— История вашего поступления в ГИТИС очень интересна. Вы не бредили актерской профессией, а поехали из Таганрога в Москву по зову старшего брата. Что необычного он в вас рассмотрел? Могли бы поступить в мореходку, ходить в заграничные рейсы и жить припеваючи.
— Я плохо учился... Какая мореходка с экзаменом по математике?! О чем вы говорите? А так как я занимался бальными танцами, Сашка решил, что есть шанс. Действительно, театром я не бредил. В детстве был там всего раз — с компанией пацанов на последнем ряду лузгал семечки.
Саша (солист Большого театра Александр Науменко. — Прим. ред.) уже учился в Московской консерватории, когда в столицу прибыл я. Вместе пошли на прослушивание в ГИТИС. Перед членами приемной комиссии я с чувством произнес:
— Николай Добрынин, ТаХанроХ.
Мне тут же сказали:
— Всего доброго, до свидания.
Вышел из аудитории и радостно сообщил брату:
— По-моему, меня приняли.
— Ага, Коль... Конечно.
Пришлось уехать в Ростов. Там поступил в театральное училище, за год справился с говором, стал нормально произносить букву Г. Но южную мелодичность так и не убрал. На меня в кино давно все плюнули: «Ну пусть один такой урод будет». В «Легенде Феррари» сыграл полковника, начальника белогвардейской контрразведки. Породистого такого мужика. Героиня ему говорит: «Вы не из Москвы... Похоже, с юга. У вас мелодика речи южная». Самому пришлось придумать эту фразу, чтобы оправдать речь персонажа, иначе зритель не поверил бы.
— То, что вернулись в столицу снова пробовать силы, говорит о ваших амбициях.
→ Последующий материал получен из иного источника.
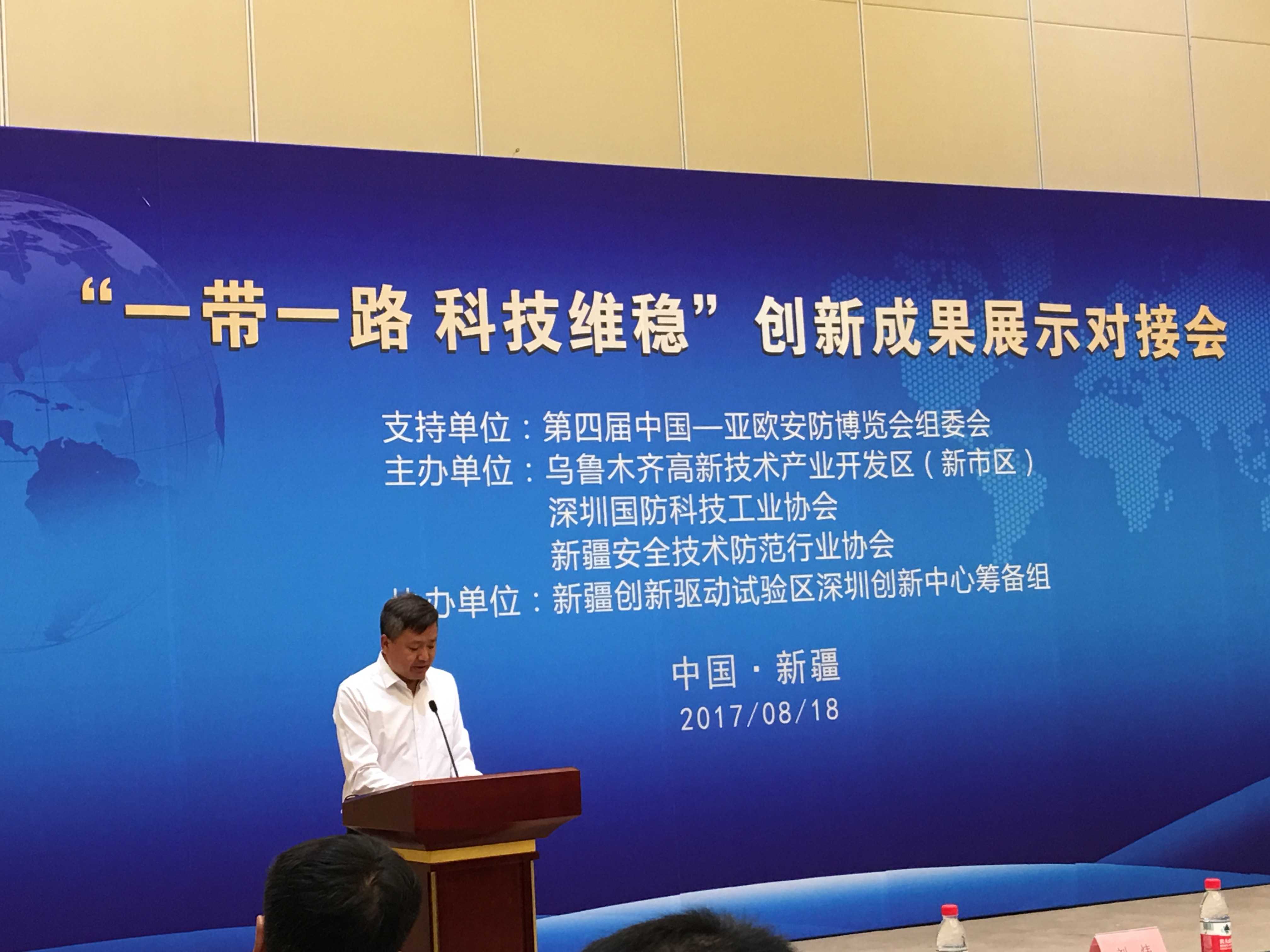 展会期间,乌鲁木齐高新区(新市区)政府协同深圳国防科技工业协会、新疆安防协会,于8月18日在会展中心5楼多功能厅联合举办了“一带一路·科技维稳”创新成果展示对接会。自治区政法委、公安厅及监狱局等领导、深圳对口援疆前方指挥部领导、陆军边海防学院乌鲁木齐校区相关专家、乌鲁木齐公安政法系统相关主管部门以及行业协会、深圳22家军民融合高新技术企业负责人等150多人进行了交流对接。米兰·(milan)科技董事长刘骏先生代表深圳22家企业向参会领导发言表态,将持续向反恐一线提供高、精、尖、端反恐技术及装备产品并全力配合国家及自治区政府打好反恐维稳人防及技防的“组合拳”,夺取反恐维稳斗争的全面胜利。

На что рассчитывали?
— В Ростове мне было абсолютно неинтересно. Представлял с тоской, как окончу училище, устроюсь в местный театр и лет через сорок выйду на пенсию. А еще армия светила. В общем, снова приехал в Москву. Прошел и во ВГИК, и в ГИТИС. Оставался финальный экзамен.
Будущий мастер курса Ирина Ильинична Судакова, взяв за шкирку, сказала: «Коля, беру тебя! Никуда больше не ходи». И, слава богу, я остался в ГИТИСе, потому что Судакова — великая! До нас много лет проработала вторым педагогом у Андрея Гончарова.
Все четыре года она нас просто не выпускала из рук! Ей помогала Лидия Николаевна Князева — помните Мартышку из «Айболита-66»? — любимая моя травести... Еще преподавал молодой Валера Белякович, который уже гремел со своим Театром на Юго-Западе.
В то время таланты могли прорваться, хотя и блатных было полно. Помню, как поразился, что за поступление ребенка в театральный родители расплачивались ключами от «Волги». Машина стоила девять тысяч рублей, средняя зарплата — рублей сто двадцать. Я же за пятачок доехал до ГИТИСа и стал студентом.
— Наверное, страшно радовались жизни?
— Наоборот. Вдруг ушел в такую грусть-печаль, что однокурсники прозвали «мировой скорбью». Обчитался Достоевского и бросился искать правду. Однажды сказал: «Вы все врете!» — и собрал вещи, чтобы вернуться в Таганрог. Остаться уговорил Андрей Анкудинов. Не помню, что конкретно он говорил, но я подумал: из Москвы уехать еще успею.